Apparently the tech used in RDNA 3 (Navi 31 & 32) could be InFO_OS (Integrated Fan Out OS)

there is an incredible number of advanced packaging types and brand names from Intel (EMIB, Foveros, Foveros Omni, Foveros Direct), TSMC (InFO-OS, InFO-LSI, InFO-SOW, InFO-SoIS, CoWoS-S, CoWoS-R, CoWoS-L, SoIC), Samsung (FOSiP, X-Cube, I-Cube, HBM, DDR/LPDDR DRAM, CIS), ASE (FoCoS, FOEB), Sony (CIS), Micron (HBM), SKHynix (HBM), and YMTC (XStacking).

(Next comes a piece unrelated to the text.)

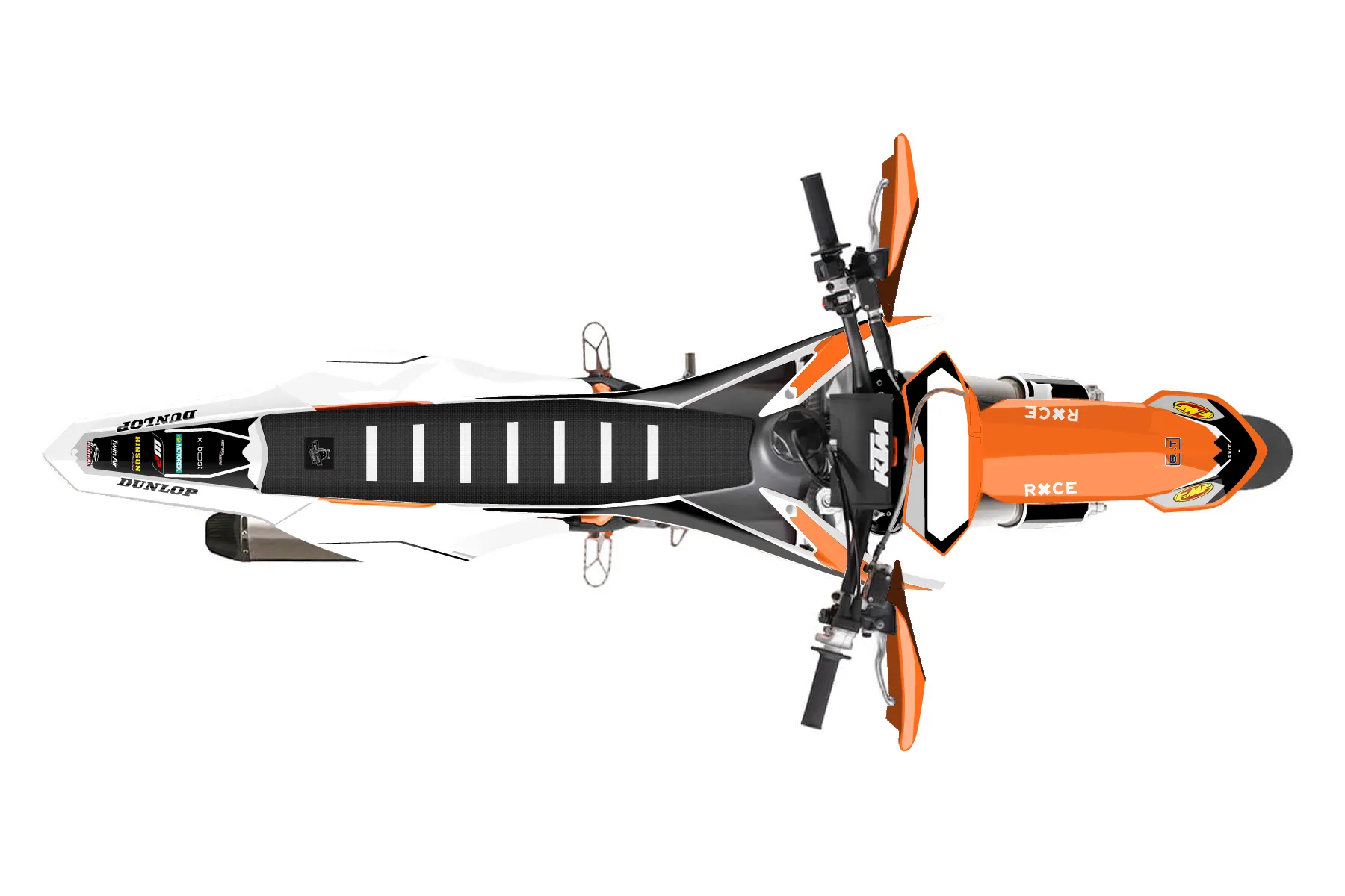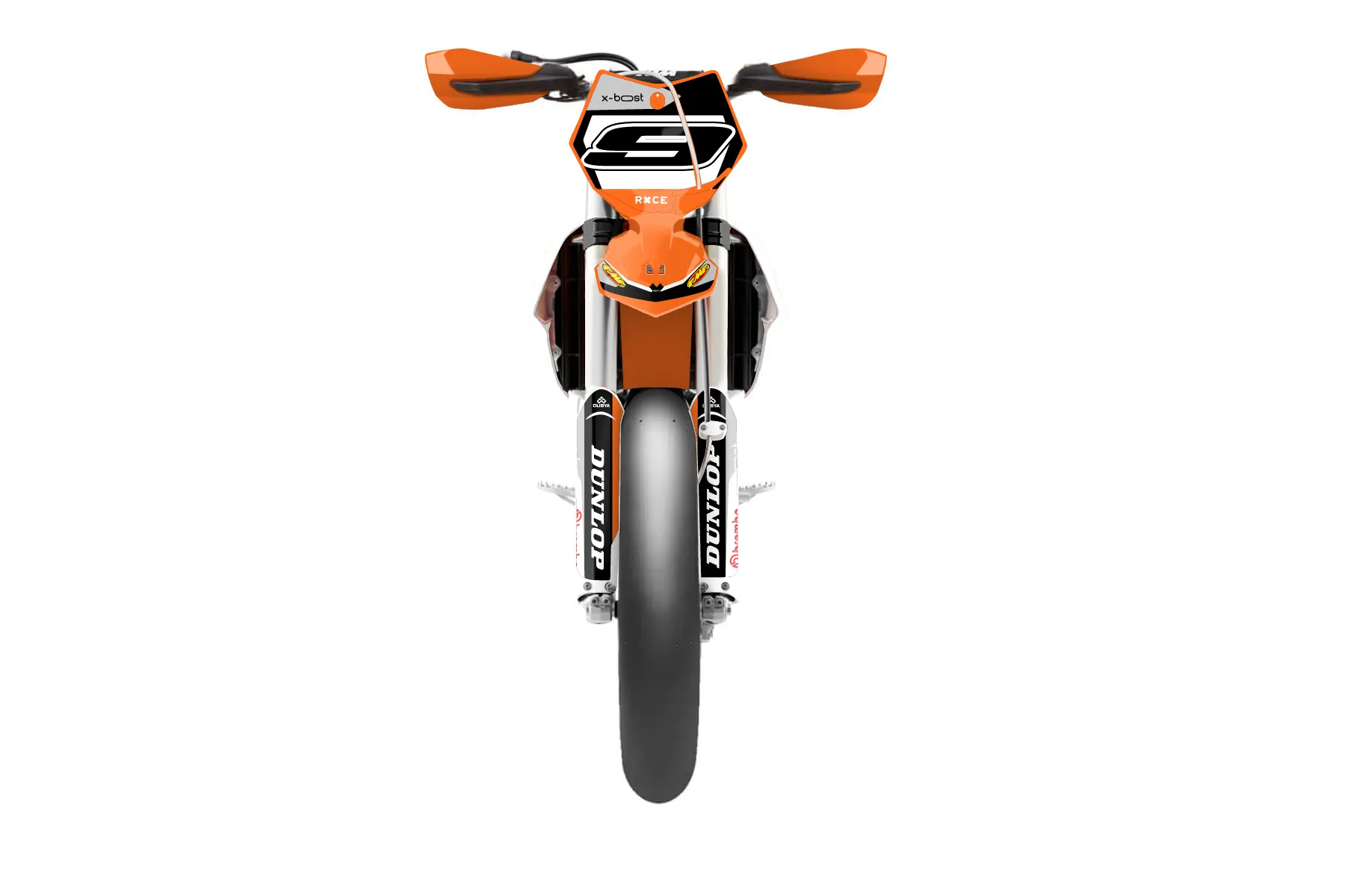 «Whip» — готовый комплект графики серии Flow для KTM Supermoto KTM SMR 450 2013. В комплекте: графика на бак и боковые облицовки, крылья (переднее и заднее), передний щиток, номерные таблички, защита вилки. Материал: ПВХ-винил 80 мкр с холодной ламинацией 300 мкр, общая толщина 380 мкр; покрытие глянцевое или матовое на выбор. Устойчив к UV-излучению, воде, бензину и мойке высокого давления. Клей акриловый на сольвентной основе — постоянный, для гибких пластиков. На простых поверхностях монтируется без нагрева; для сложных изгибов рекомендуем фен. Этот пресет можно заказать как есть или взять за основу в конструкторе: поменять цвета, добавить стартовый номер и свой бренд. Производство — 3–5 рабочих дней, доставка по России СДЭКом или Почтой, по СНГ — курьерскими службами.
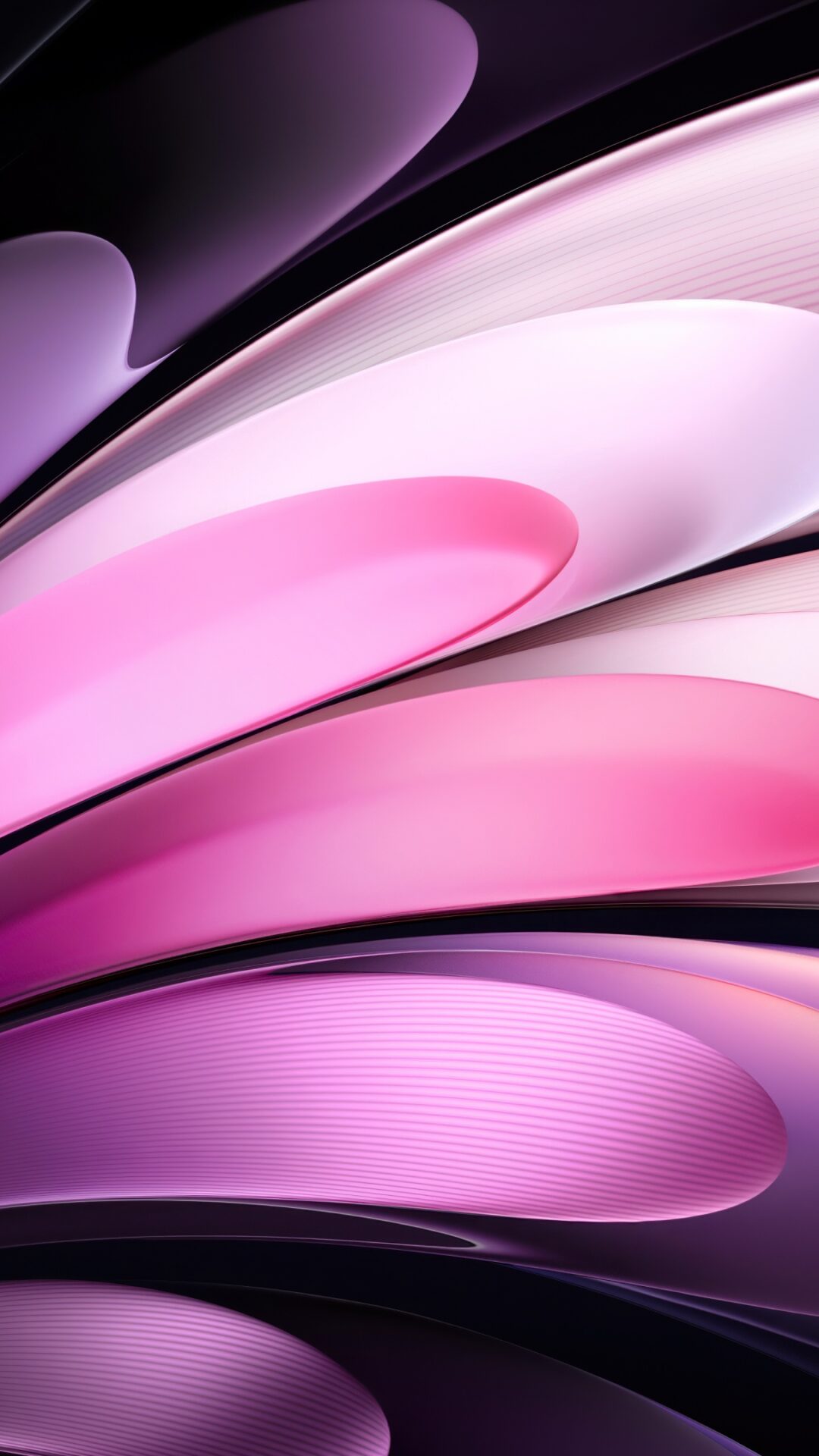 Overlapping curved shapes fill the frame, shifting from deep purple to pale pink. A glossy texture and subtle light reflections create a sen…

Maybe CoWoS is an advanced version compared to InFO ??

At any case, it looks like this affects nvidia hopper but not RDNA 3.

Not sure if RDNA 4 (Navi 41 & Navi 42) was planning to switch to CoWoS from InFO. Reports above say that the new MI300 series use CoWoS

If that was the case then it could be that AMD is reallocating navi 41 & navi 42 capacity to xilinx FPGAs
While advanced packaging methods in general, and multi-chiplet designs in particular, present ample opportunities for chip developers, these are very complex technologies that present numerous challenges to producers of microelectronics and OSATs.

Assembling a processor based on five or more chiplets (e.g., Intel’s Meteor Lake consists of five chiplets) made on different nodes sounds plausible from many points of view, high yield of the packaging process is crucial since if it fails, all chiplets go to bin, which means losses for the chipmaker and/or OSAT.

Both Intel and TSMC argue that their advanced packaging yields are very high, but they certainly do not disclose any numbers.

Intel acknowledged this year that large substrates, such as those used for massive system-in-packages like Ponte Vecchio, tend to warp, which poses yield risks and makes it difficult to assemble them onto a motherboard. For now, Intel seems to be satisfied with what it has. But, to ensure that its future SiPs do not bend and perform better (as they integrate things like optical interconnects), the company plans to implement glass substrates instead of organic substrates in the second half of this decade. Such a move requires a lot of changes and investment and to a substantial degree it is necessitated by the ongoing transition to multi-chiplet designs.